In interpreting the partial regression coefficients of our final regression model it is important to note that the effect of N on litter decomposition rate is controversial (Prescott, 2005). To better understand the underlying N-controlled mechanisms, we must distinguish between two factors: (1) the intrinsic tissue N content and the extrinsic soil inorganic nutrient availability, and (2) the early as opposed to later stages of decomposition. Unlike the external soil inorganic N, the intrinsic litter N is highly correlated with C chemistry and levels of polyphenols.

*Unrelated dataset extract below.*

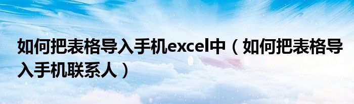 大家好,小安來為大家解答以上問題。如何把表格導入手機excel中,如何把表格導入手機聯系人很多人還不知道,現在讓我們一起來看看吧!

However, artificial external N additions to the soil are more prone to stimulate the decomposition of lignin-poor litters and suppress that of lignin-rich ones (Carreiro et al., 2000) because N addition inhibits fungal lignolytic activity (Waldrop and Zak, 2006). In contrast to lignolitic activity, cellulase activity would be stimulated by increased soil N availability (Carreiro et al., 2000). Early stages of decomposition mostly driven by low-recalcitrance compounds would be stimulated, whereas it would be suppressed at later stages. In this study, we consider N root content as a specific chemical trait, used as an integrating index of root biochemistry.

There now exist large trait databases covering many thousands of plant species. Because our root traits are static measurements made on easily obtained roots and using standard chemical methods it should be possible to measure them on many species and incorporate the results in these pre-existing trait databases. If the results reported here can be replicated in a larger set of species and environmental conditions it should then be possible to use the resulting regressions in more general ecosystem models of carbon cycling. Besides determining the generality of our results, it will also be important to decompose the mass-loss kinetics reported here into the mass-loss kinetics of different carbon fractions as the temporal dynamics of carbon cycling in the soil is also profoundly affected by the recalcitrance of different carbon fractions in the root tissue.